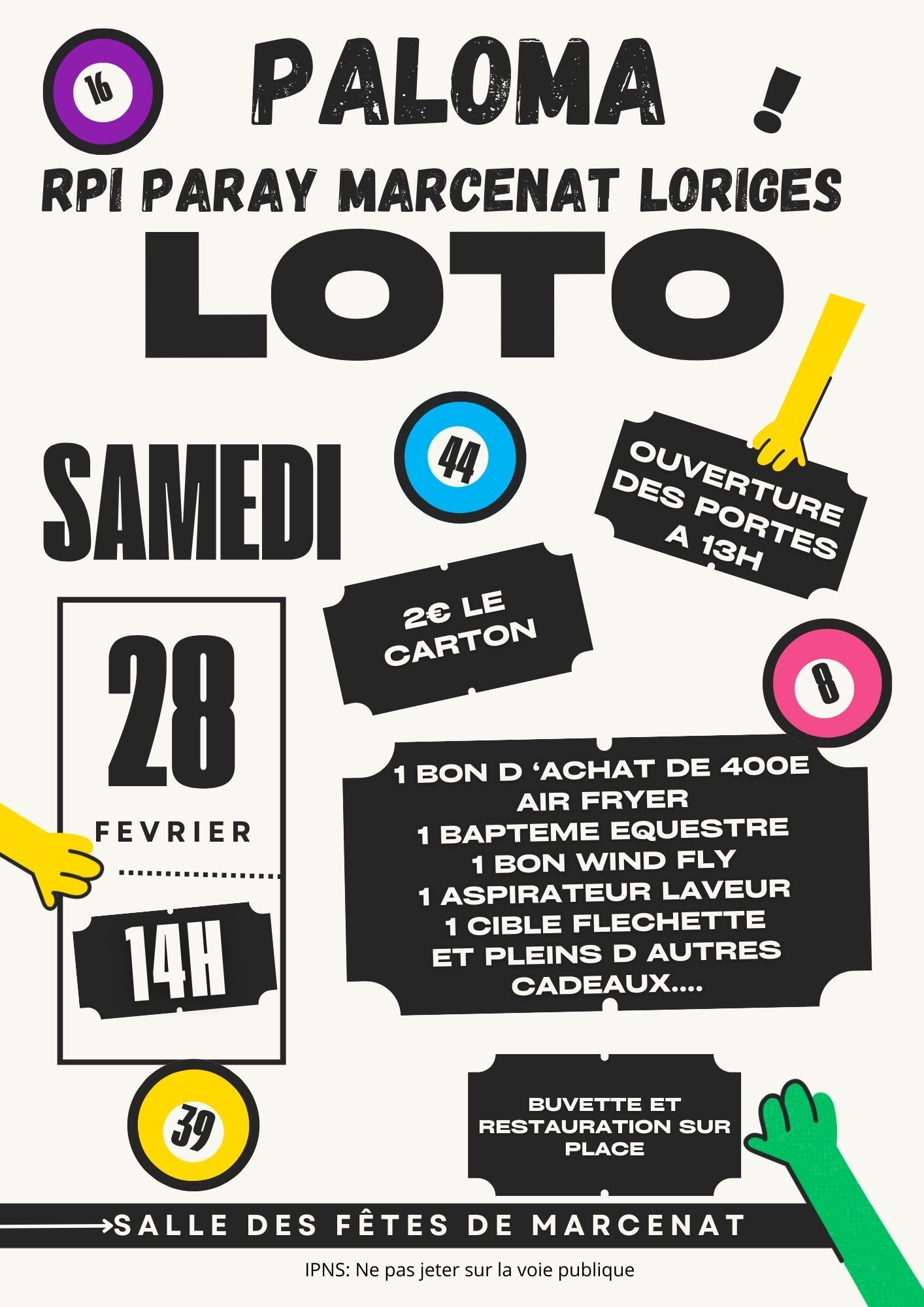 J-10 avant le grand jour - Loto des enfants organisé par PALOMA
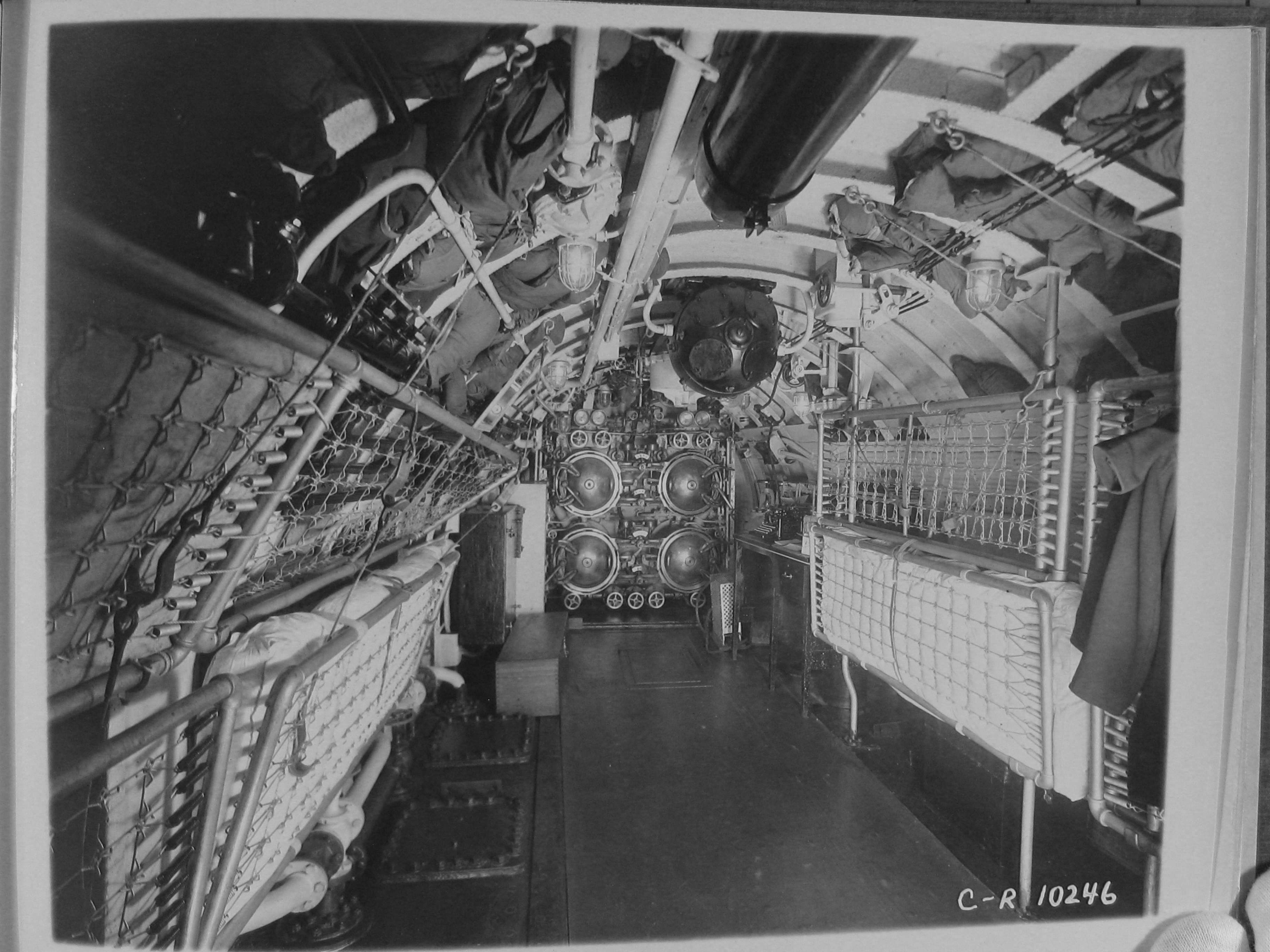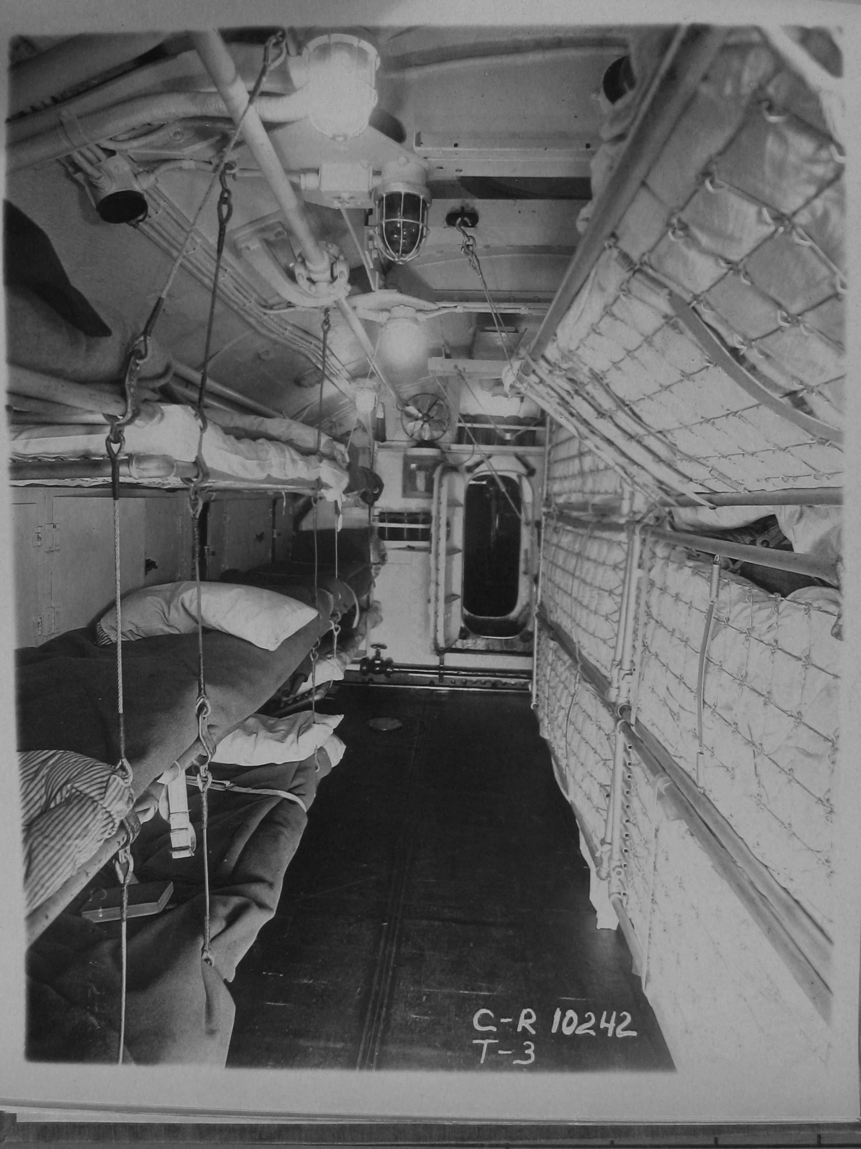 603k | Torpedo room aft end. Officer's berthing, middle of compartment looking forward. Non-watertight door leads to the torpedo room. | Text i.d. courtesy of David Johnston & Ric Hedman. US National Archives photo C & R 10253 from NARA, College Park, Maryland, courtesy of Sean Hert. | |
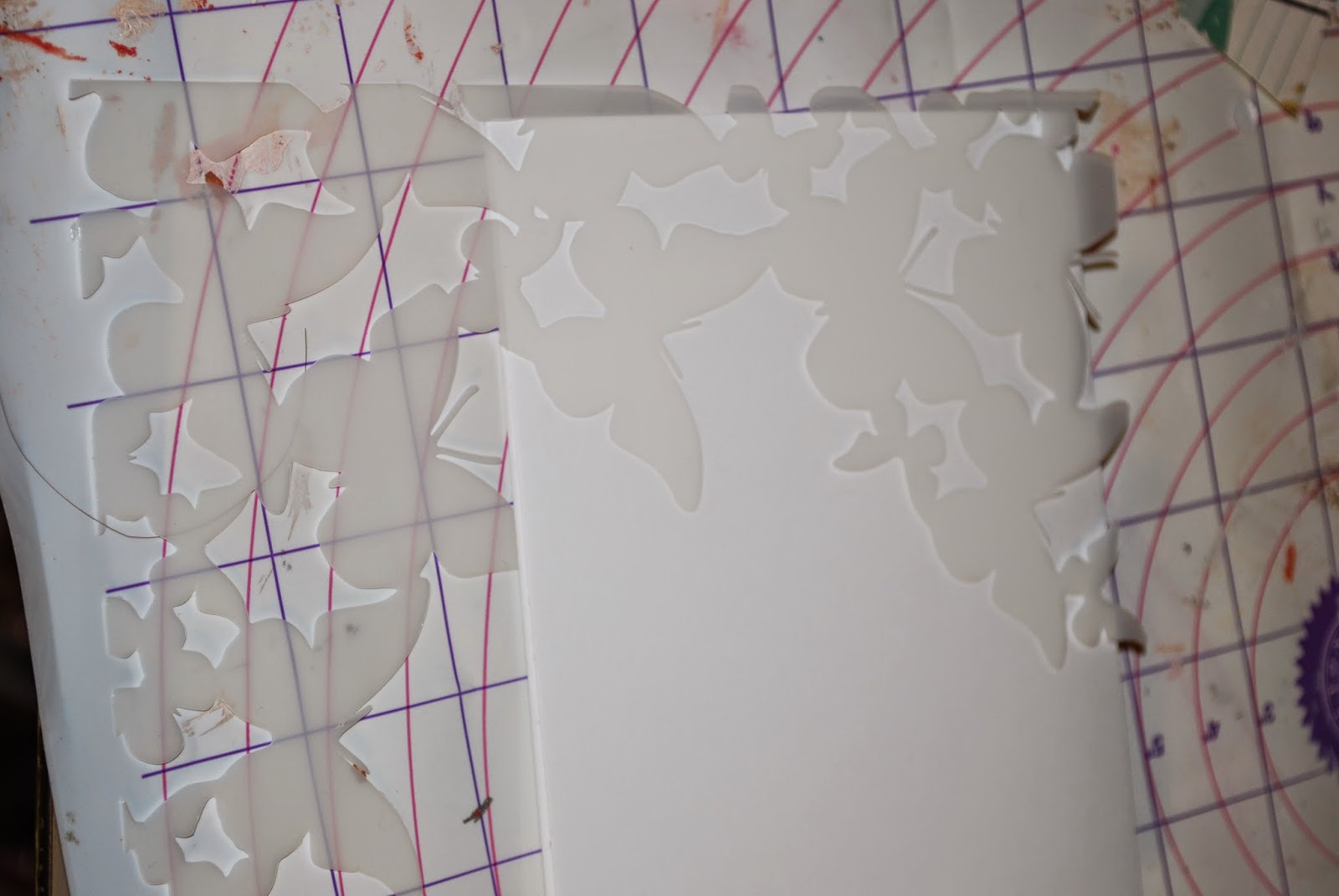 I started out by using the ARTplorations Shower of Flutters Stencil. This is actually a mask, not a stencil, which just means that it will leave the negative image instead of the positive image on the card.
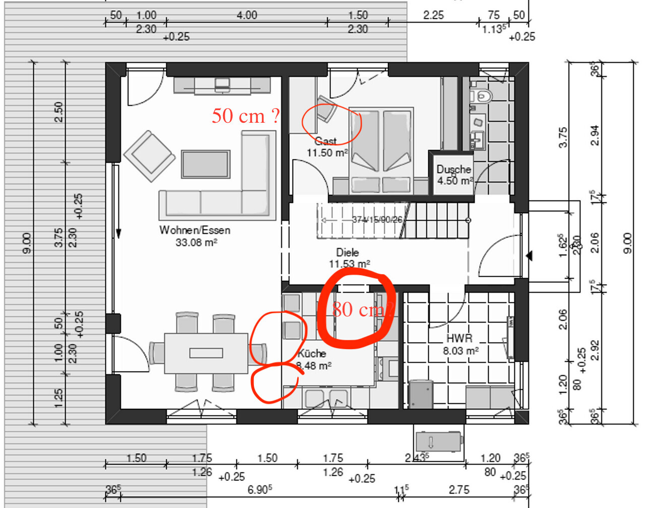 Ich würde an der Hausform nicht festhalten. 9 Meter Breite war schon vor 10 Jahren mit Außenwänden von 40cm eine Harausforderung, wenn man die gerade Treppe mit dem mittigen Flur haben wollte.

* _Exercise aim_: Every line above needs to be written out again as it stands. Pictures do not belong in the copy.

* _Output of the task_:
 J-10 avant le grand jour - Loto des enfants organisé par PALOMA
 603k | Torpedo room aft end. Officer's berthing, middle of compartment looking forward. Non-watertight door leads to the torpedo room. | Text i.d. courtesy of David Johnston & Ric Hedman. US National Archives photo C & R 10253 from NARA, College Park, Maryland, courtesy of Sean Hert. | |
 I started out by using the ARTplorations Shower of Flutters Stencil. This is actually a mask, not a stencil, which just means that it will leave the negative image instead of the positive image on the card.
 Ich würde an der Hausform nicht festhalten. 9 Meter Breite war schon vor 10 Jahren mit Außenwänden von 40cm eine Harausforderung, wenn man die gerade Treppe mit dem mittigen Flur haben wollte.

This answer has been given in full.